### Assignment
Every line of the material needs an exact copy, apart from the images.

Entries shown Start Marker

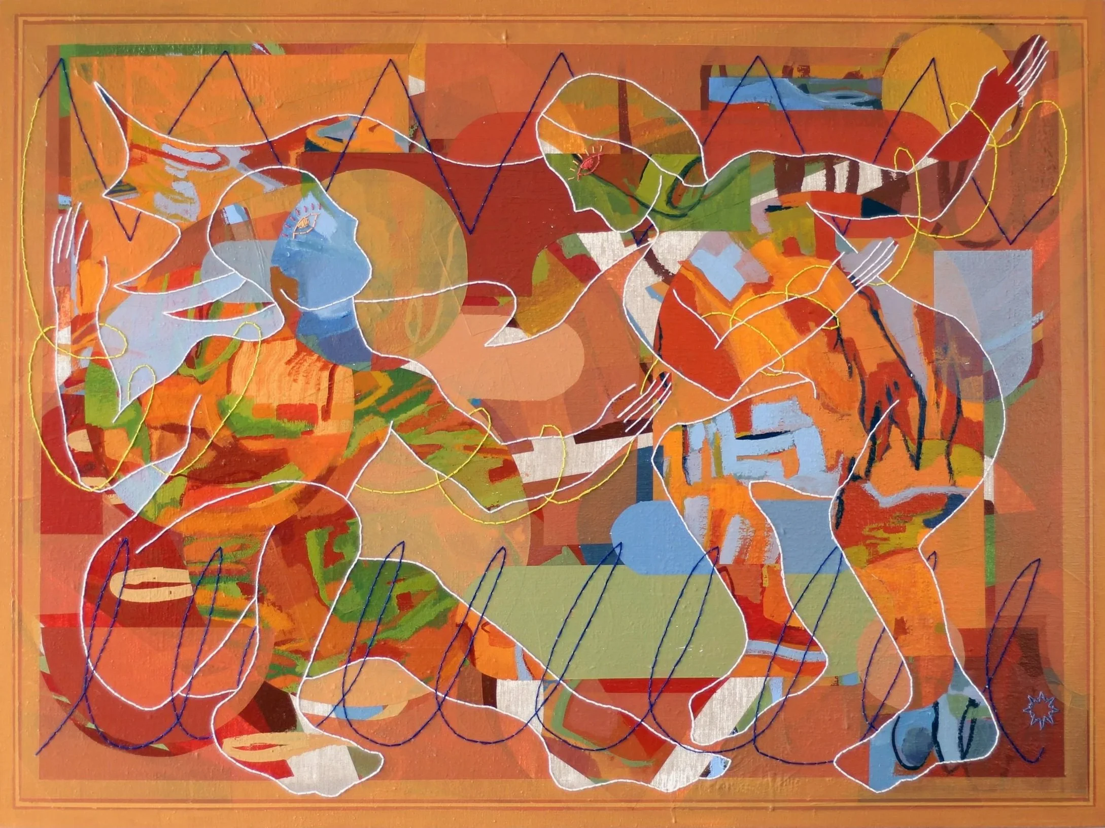 Acrylic paint, Needle and Thread on linen
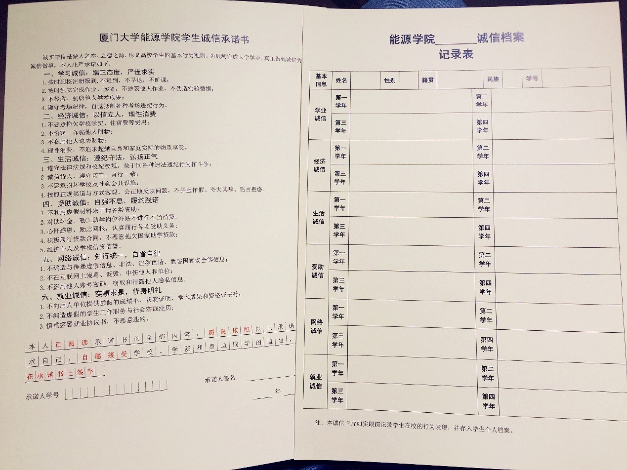 能源学院还根据诚信承诺书的六个方面,为全院学生建立了诚信档案,学生在校期间的优异表现和失信行为都将被记录在诚信档案里。毕业后档案锁定,随个人就业流转到用人单位,学生失信行为将影响个人以后求职、交友、信贷等领域。
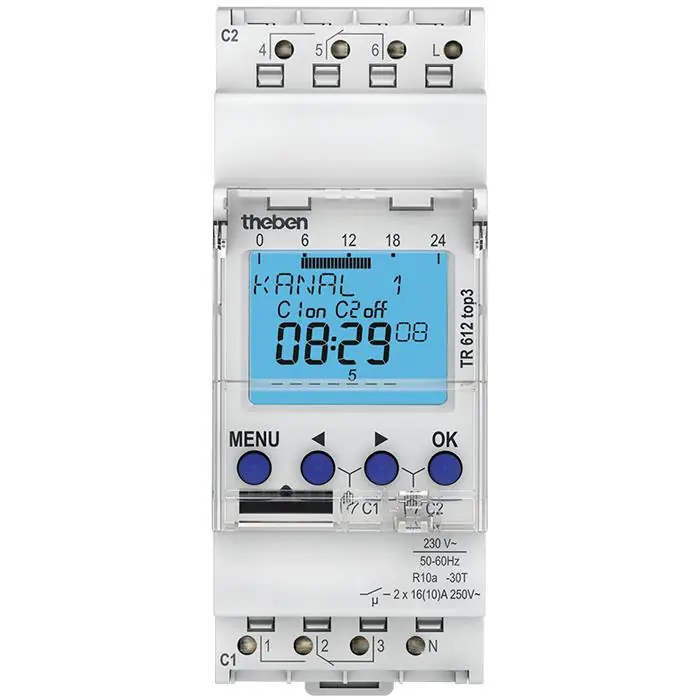 Kopplingsur TR 612 Top3 har 56 stycken minnesplatser samt nollpunktsbrytning för relä-skonande koppling och hög lamplast (inte på 24 V enheter). Ger maximalt skydd mot manipulation då tidskopplingsprogram endast kan överföras från appen till klockan om Bluetooth OBELISK Top3 är kopplad. TR 612 Top 3 är även 100% kompatibel med Top2-serien. Omställningsregler för olika länder är redan lagrade i uret, men egna omställningsregler eller omväxling kan väljas efter fixerat datum.
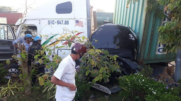 Sau va chạm, xe 4 chỗ kẹt giữa đầu kéo và rơmoóc của xe container, hư hỏng nặng. 2 người đàn ông và 1 phụ nữ trong xe 4 chỗ đã tử vong.
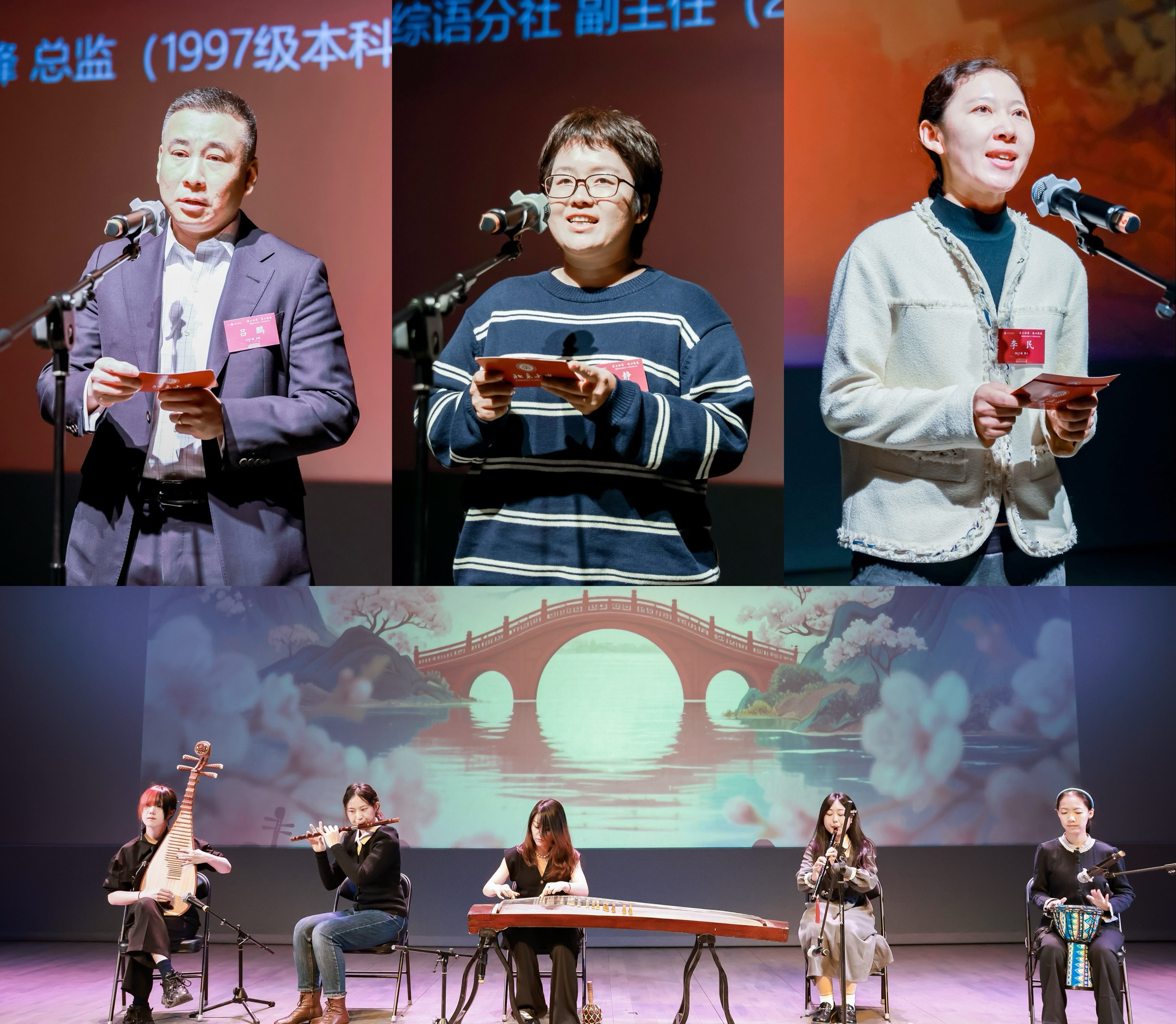 三位系友对专业的怀念与感激之语在悠扬的旋律中落下帷幕,08级本科系友赵宇彤与24级、25级在校生崔曦文、祁豫、王静怡、高睿卿共同带来的器乐合奏《阿里郎》回荡在会场的每个角落。宛若天成的合奏勾勒出师生们心中一段又一段熟悉的曲调,诠释着朝鲜语专业学子独有的默契与风采。
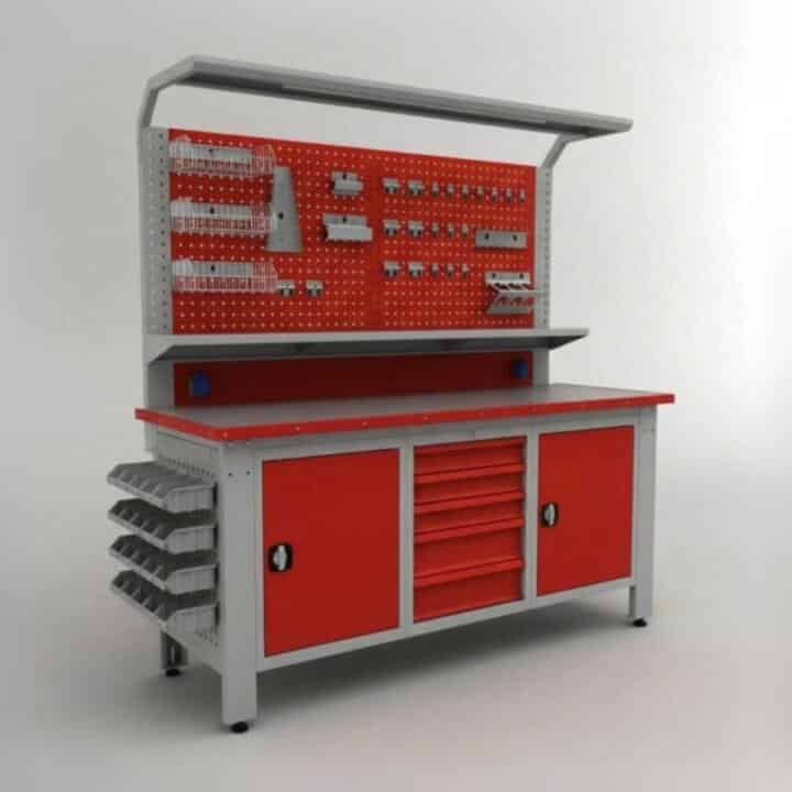 Metalni radni stol “Nano-Bodur” (NO:43) (okvir svijetlosiva-paneli crvena)
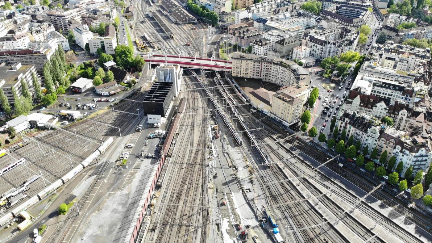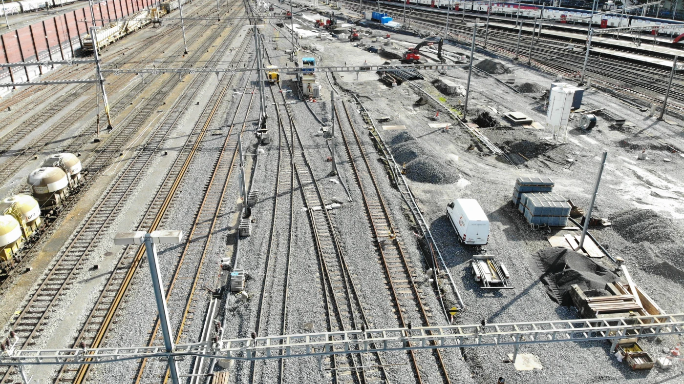 Wo vor dem ersten Bahnhofbau (1856-1859) ein sumpfiges Gebiet vorherrschte, liegt heute das Gleisfeld. Der Baugrund ist entsprechend anspruchsvoll. Steckt man eine Schaufel in den Grund, trifft man vielfach auf Wasser. «Das Wasser müssen wir örtlich mit dem sogenannten Wellpoint-Verfahren absenken. Dabei saugen Vakuumpumpen Wasser ab und sammeln dieses in einem Becken um anschliessend das Wasser in die Sickerleitung einzuleiten», so Simioni. Die Arbeiten laufen trotz dieser und weiteren Herausforderungen programmmässig. Im Sommer wurden viele Arbeiten rund um die bestehenden Betriebsgleise ausgeführt, im Herbst wird die eigentliche Doppelspur gebaut, damit im Dezember 2021 die Doppelspur dem Betrieb übergeben werden kann.
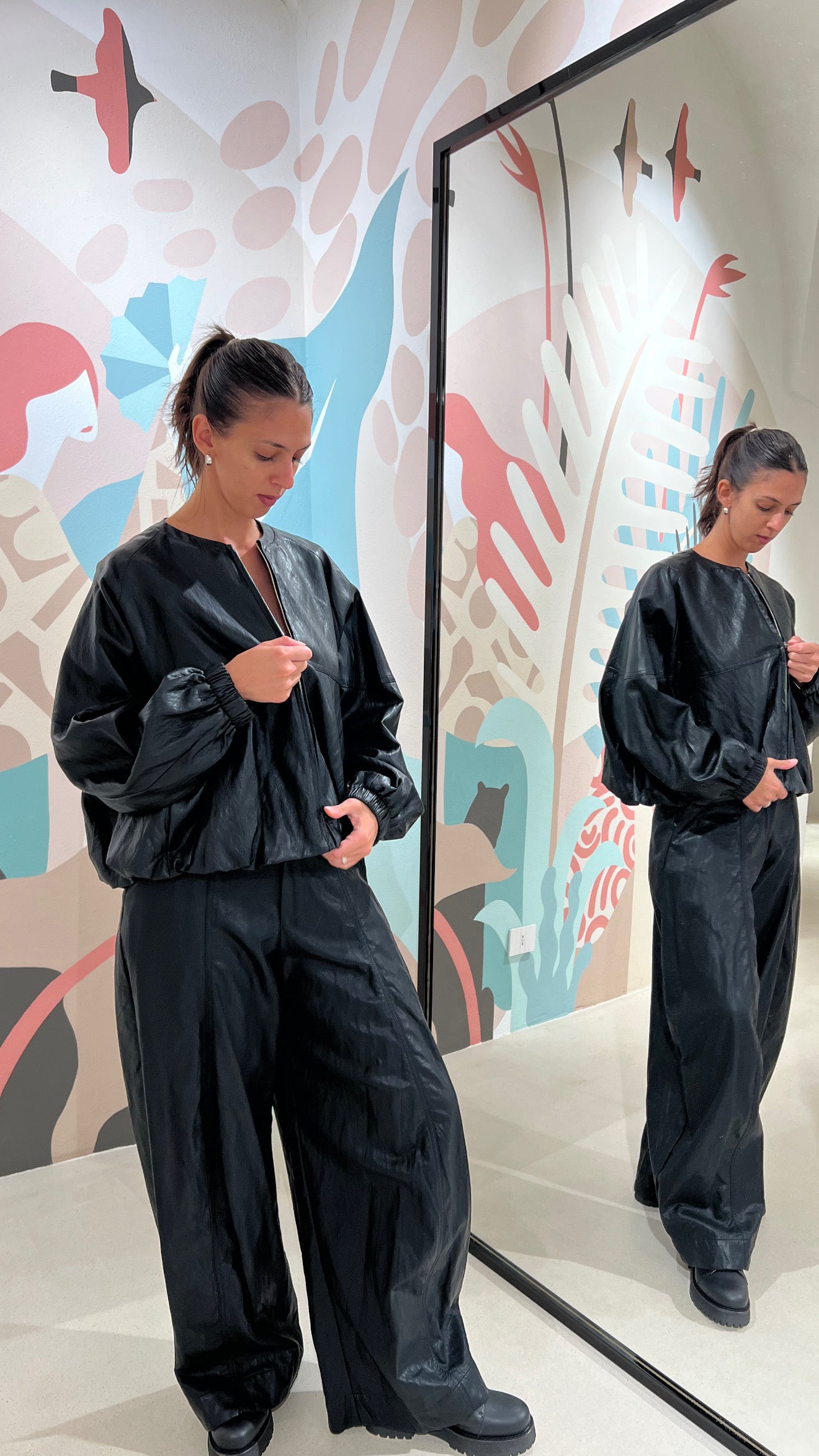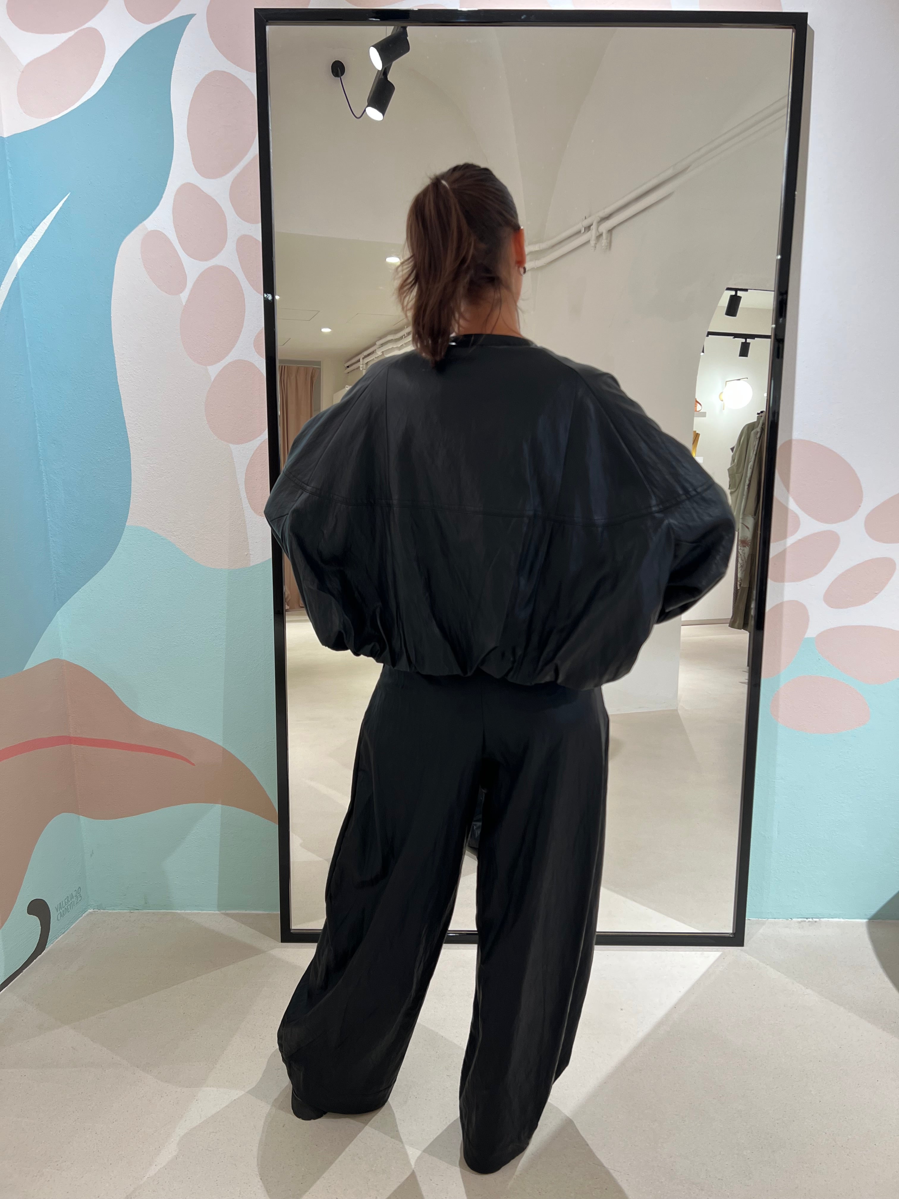 Pantalone baggy in ecopelle con tasche laterali

Entries shown End Marker

### Output for this task
 Acrylic paint, Needle and Thread on linen
 能源学院还根据诚信承诺书的六个方面,为全院学生建立了诚信档案,学生在校期间的优异表现和失信行为都将被记录在诚信档案里。毕业后档案锁定,随个人就业流转到用人单位,学生失信行为将影响个人以后求职、交友、信贷等领域。
 Kopplingsur TR 612 Top3 har 56 stycken minnesplatser samt nollpunktsbrytning för relä-skonande koppling och hög lamplast (inte på 24 V enheter). Ger maximalt skydd mot manipulation då tidskopplingsprogram endast kan överföras från appen till klockan om Bluetooth OBELISK Top3 är kopplad. TR 612 Top 3 är även 100% kompatibel med Top2-serien. Omställningsregler för olika länder är redan lagrade i uret, men egna omställningsregler eller omväxling kan väljas efter fixerat datum.
 Sau va chạm, xe 4 chỗ kẹt giữa đầu kéo và rơmoóc của xe container, hư hỏng nặng. 2 người đàn ông và 1 phụ nữ trong xe 4 chỗ đã tử vong.
 三位系友对专业的怀念与感激之语在悠扬的旋律中落下帷幕,08级本科系友赵宇彤与24级、25级在校生崔曦文、祁豫、王静怡、高睿卿共同带来的器乐合奏《阿里郎》回荡在会场的每个角落。宛若天成的合奏勾勒出师生们心中一段又一段熟悉的曲调,诠释着朝鲜语专业学子独有的默契与风采。
 Metalni radni stol “Nano-Bodur” (NO:43) (okvir svijetlosiva-paneli crvena)
 Wo vor dem ersten Bahnhofbau (1856-1859) ein sumpfiges Gebiet vorherrschte, liegt heute das Gleisfeld. Der Baugrund ist entsprechend anspruchsvoll. Steckt man eine Schaufel in den Grund, trifft man vielfach auf Wasser. «Das Wasser müssen wir örtlich mit dem sogenannten Wellpoint-Verfahren absenken. Dabei saugen Vakuumpumpen Wasser ab und sammeln dieses in einem Becken um anschliessend das Wasser in die Sickerleitung einzuleiten», so Simioni. Die Arbeiten laufen trotz dieser und weiteren Herausforderungen programmmässig. Im Sommer wurden viele Arbeiten rund um die bestehenden Betriebsgleise ausgeführt, im Herbst wird die eigentliche Doppelspur gebaut, damit im Dezember 2021 die Doppelspur dem Betrieb übergeben werden kann.
 Pantalone baggy in ecopelle con tasche laterali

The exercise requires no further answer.